許長安站在另一個方向,他用的乃是彈指神通,攻擊的部位正是大蜈蚣相對柔軟的月復部。
眨眼間連彈五下,真氣凝于一點,再集中爆發,瞬間便將那只大蜈蚣月復部開了一個大血洞。
「嘶~」
遭此重創,那只大蜈蚣痛得發出了一聲刺耳的尖嘯,身體急劇地扭曲著,翻滾著。
「不好,快躲開!」
眼見大蜈蚣陷入了失控狀態,許長安趕緊跑向紅姑等人,並扯著嗓子大吼著。
這要是一不留神被那大蜈蚣砸上一下,恐怕當場就得變成肉餅。
隨行而來的卸嶺弟子嚇得急急散開,各自找地方躲避。
趁它病。
要它命。
趁著大蜈蚣沒緩過勁來,怒晴雞火力全開, 地沖到大蜈蚣頭頂,連啄帶扒,轉眼間便將那大蜈蚣頭頂給扒出一個大血洞。
「嘶……」
這一次,大蜈蚣的聲音听起來更加刺耳。
顯然,怒晴雞這一下徹底命中了它的要害。
「轟!」
大蜈蚣的身體高高彈起,又重重落下,隨之不停地撲騰著,翻滾著,令得地面堅硬的花崗岩紛紛碎裂,四下里飛濺。
怒晴雞並沒有趁勝攻擊,翅膀一扇騰空而起。
畢竟這時候那只大蜈蚣已是強弩之末,沒有必要與之拼命。
果然,翻騰了一會,大蜈蚣的動作明顯慢了下來,廣場上濺滿了腥臭的血液與黏液。
怒晴雞又找到了出擊的機會,趁著大蜈蚣翻滾之時,又是一記俯沖……
「噗!」
這一次,直接抓破了胸腔位置。
連帶著一顆散發著微光的珠子也被它抓了出來。
這顆珠子,正是六翅蜈蚣的內丹。
不過,許長安這次倒不用擔心內丹又一次被怒晴雞給獨吞。
怒晴雞本就通人性,上次吞了蠍子娘的內丹,進化了一次,靈智比起以前更高。
許長安早在出發之前就招呼過了,讓怒晴雞一定要將內丹留著,可不許再貪心了。
怒晴雞已經認他為主,而且,許長安還用真氣助它以最快的速度將蠍子娘的內丹力量盡數吸收。
所以,許長安相信怒晴雞不會違抗他的命令。
果然,怒晴雞扒拉出內丹後,當下里便叼在口中向著許長安飛了過來。
「嘶~」
六翅蜈蚣失去了內丹,當即發出了一聲憤怒的嘶鳴,並向著怒晴雞追了過來。
只可惜,它本就受了重傷,再加入失去了內丹,實力大打折扣,怎麼可能追得上?
「好樣的!」
許長安一臉欣慰地看著怒晴雞贊賞了一聲。
紅姑也不由感嘆了一聲︰「這雞是真成精了。

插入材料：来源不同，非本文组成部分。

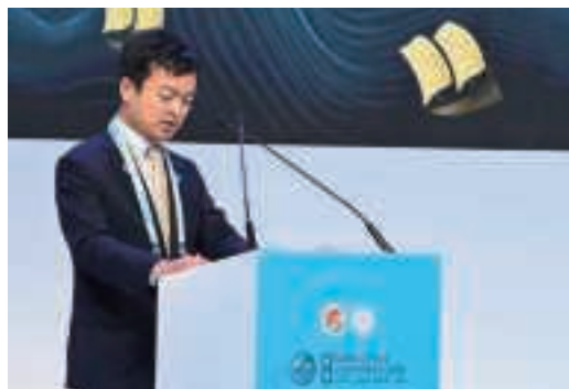
第8回インド洋会議2025に出席する宮路外務副大臣 (2月17日、オマーン・マスカット)

オマーンは、イランやホーシー派との独自のチャンネルをいかし、サウジアラビア・イラン間の外交関係正常化の交渉、サウジアラビア・ホーシー派間の交渉、米・イラン間の被拘束者交換の交渉・間接協議の仲介などを継続してき
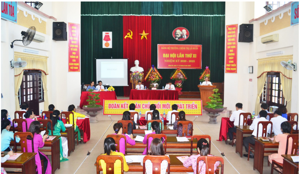
Đại hội Đảng bộ Trường Chính trị Lê Duẩn lần thứ XI, nhiệm kỳ 2020-2025.
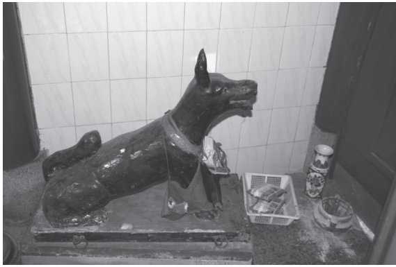
写真6 玉犬（泉州・桂香宮、2010年）

を表すが、相公爺は冠を被った武将の姿に整えられている。祭壇の下、向かって右側に「玉犬」の像（写真4）、左側には「金鶏」と「七兵馬」の像（写真5）が置かれていた。玉犬は狗舎爺、金鶏は烏官爺ともいい6月6日が祭日である。双方とも相公爺の従神とされ、かつて雷海青が従者を玉犬と金鶏に変えて右と左の袖の中に入れて舞ったという伝承に因む〔黄錫鈞 1988〕。田都元帥と犬との関連は深く、莆田の忠門鎮の木偶班は白い犬を左足で踏みしめ
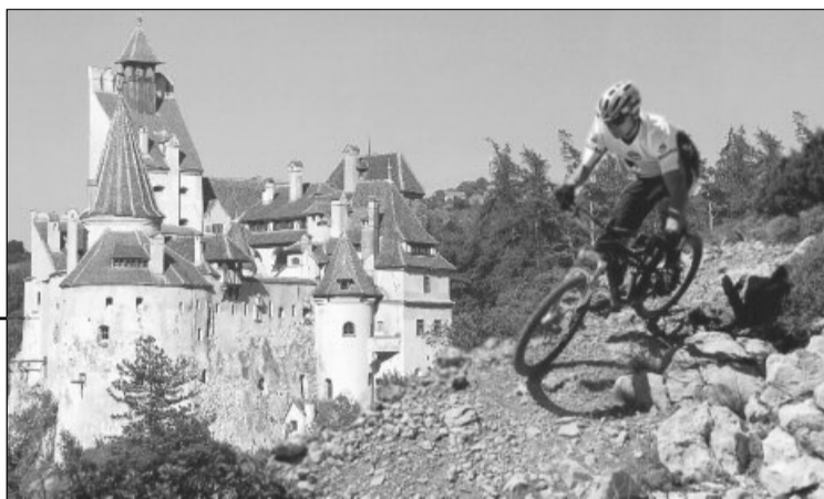
Voluntarii britanici au pedalat în scop caritabil la Dracula Bike Ride

Chiar dacă a plouat, și-au pregătit echipamentul și bicicletele pentru un tur de forță. 50 de kilometri de traseu în zona muntoasă. Pentru acest efort, englezii s-au pregătit, unii
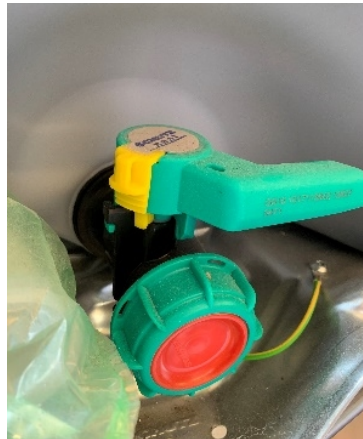
Stato e equipaggiamenti di servizio
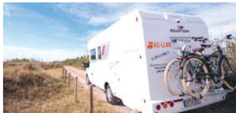
Viajar en caravana es un plan ideal para las familias

Con su participación en la feria, AC-LLAR no solo refuerza su presencia de marca, sino que reafirma su compromiso con el desarrollo del sector a nivel autonómico, en una apuesta por la innovación, la atención totalmente personalizada y una red de servicios diseñada para responder a las necesidades reales de los usuarios.
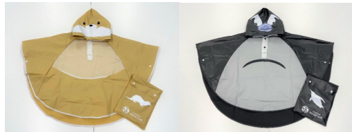
サンシャイン水族館オリジナルレインポンチョ（子ども用） 各2,475円
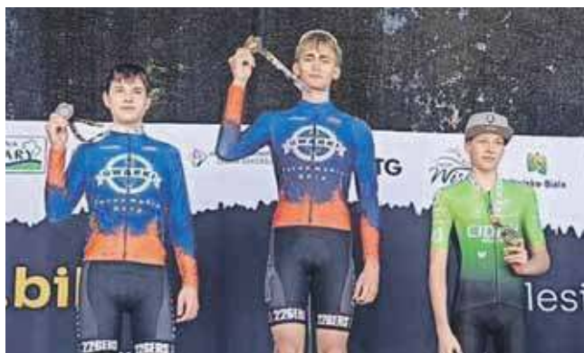
Rowerzyści w granatowo-pomarańczowych koszulkach 12 razy stawali na podium
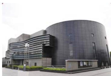
※ 京都コンサートホール
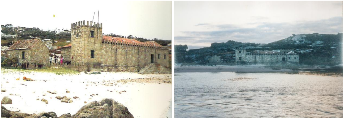
Almacén de Sálvora

En 1770 o comerciante coruñés Jerónimo de Hijosa establece en Sálvora a primeira fábrica de secado e salgadura de peixe. Posteriormente no 1960, engadíronselle dúas torres que a converterían no famoso Pazo de Sálvora coñecido popularmente como o "Almacén". O emprazamento xeográfico da illa resultaba perfecto para as tarefas de desembarco, especialmente pola ausencia de infraestruturas portuarias no actual pobo de Aguiño.

」
將內丹交給許長安之後,怒晴雞又掉頭飛回去繼續對付那六翅蜈蚣。
這一次可就輕松太多了。
面對失去了內丹力量支撐的六翅蜈蚣,怒晴雞幾乎就是一種碾壓式的攻擊。
同時,許長安、鷓鴣哨、紅姑、陳玉樓、老洋人也紛紛從旁助攻。
沒過多久,六翅蜈蚣終于耗盡了最後一絲力氣,龐大的軀體轟然倒向地面,徒勞地掙扎了幾下,終于歸于平靜。
陳玉樓長長吐了一口氣道︰「真是不容易……」
「是啊,」紅姑接口道︰「這一次,怒晴雞可算是立了大功。」
「對對對……」花瑪拐也忍不住道︰「沒想到這地宮中竟然還真的有……」
說到這里,下意識瞟了陳玉樓一眼,又道︰「真的有精精怪怪的東西。」
上次在攢館,他沖著棺材念叨了幾句,陳玉樓有些不滿,說什麼跟著他就不要信什麼鬼鬼怪怪。
現在親身經歷,總算是無話可說了。
解決了大蜈蚣之後,接下來的探險便相對輕松多了。
雖說出了一點小小意外,好在有驚無險。
最終,一行人來到了以前那些煉丹士煉丹的丹井。
里面一片狼藉,想來那個元代大將軍的手下早就將這里搜刮了數遍,里面已經找不到丹藥也或是藥草之類。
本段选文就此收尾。